Nous signalerons au passage qu'à l'aide d'une analyse en terme d'équilibre général « à la HOS » (présenté dans le premier chapitre) si l'on tient compte des modifications éventuelles dans les dotations factorielles de l'économie turque alors on tire certaines conclusions. En effet, s'il y a d'une part une diminution de main- d'oeuvre suite au flux migratoire permis par le passage au marché commun avec d'autre part un stock de capital constant, alors le prix des produits intensifs en main-d'oeuvre augmenteront relativement car le salaire de la main-d'oeuvre aura augmenté121(*). Or la Turquie est compétitive sur des secteurs comme le textile-habillement intensif en main-d'oeuvre. Ainsi, la perte de compétitivité prix qui résulterait de la fuite de main-d'oeuvre réduirait de manière considérable le nombre de secteurs compétitifs. Mais ce sont les spécialisations souvent qualifiées de « non-avantageuses » qui disparaîtraient alors.
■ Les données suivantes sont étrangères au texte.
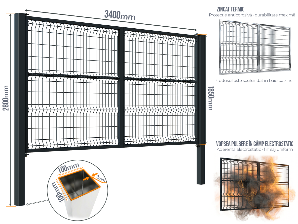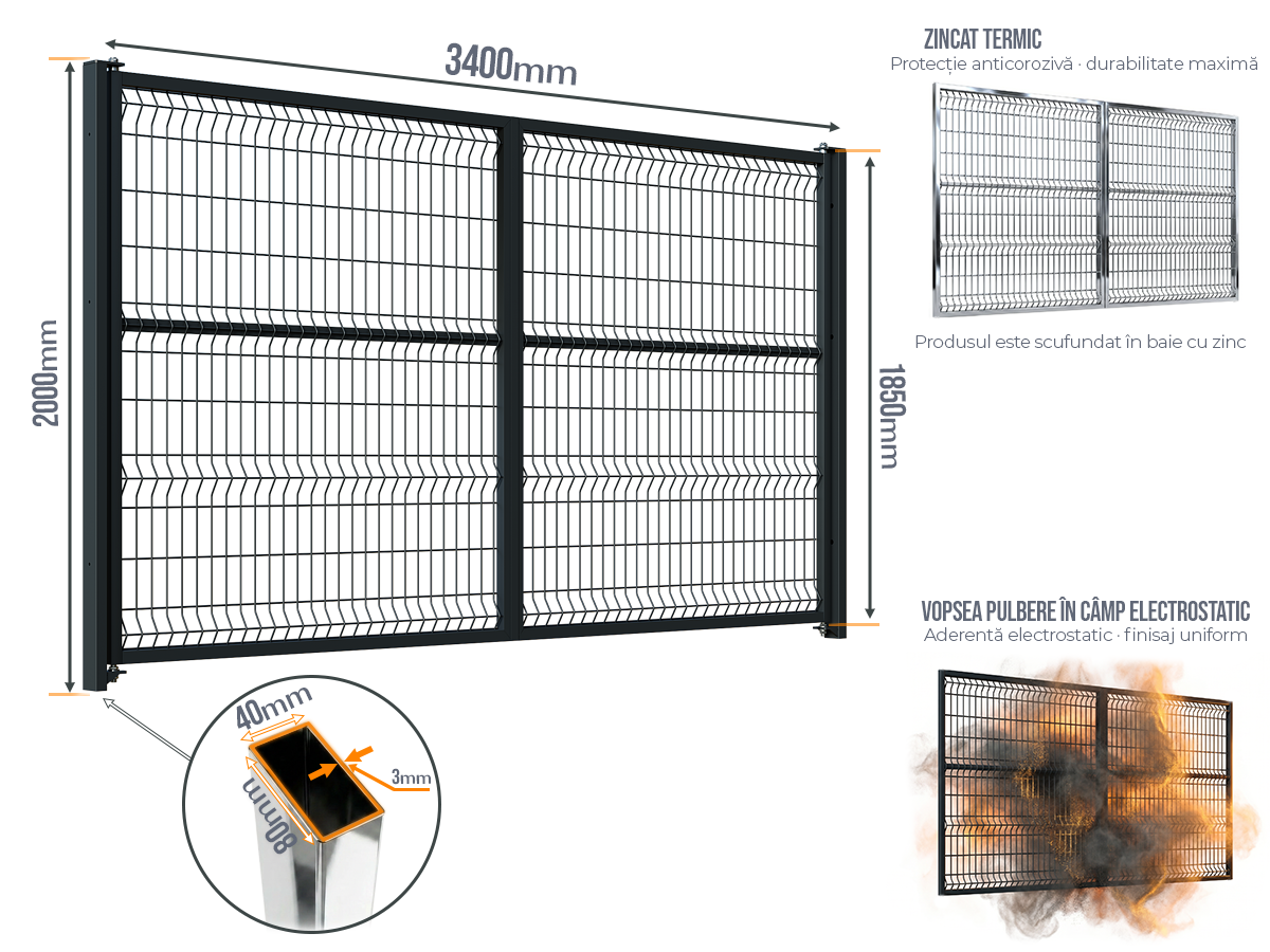 Selectați dimensiunea: Poarta Batanta Plasă Bordurata fără stîlpi

Et comme une conclusion inverse peut être établie en considérant un afflux de capitaux (IDE) consécutif au passage supérieur d'intégration ou un afflux de capitaux provenant des fonds structurels européens, la Turquie pourrait alors devenir compétitive dans des secteurs à haute technologie. C'est ce que nous allons voir dans le point suivant.

* 116 Selon ALLEN C.B. et al. [1996] Competitiveness Impact and The Quantification of Trade Diversion Due to The SMP, commission européenne in BUIGUES P.-A. et MARTINEZ-MONGAY C.[1999].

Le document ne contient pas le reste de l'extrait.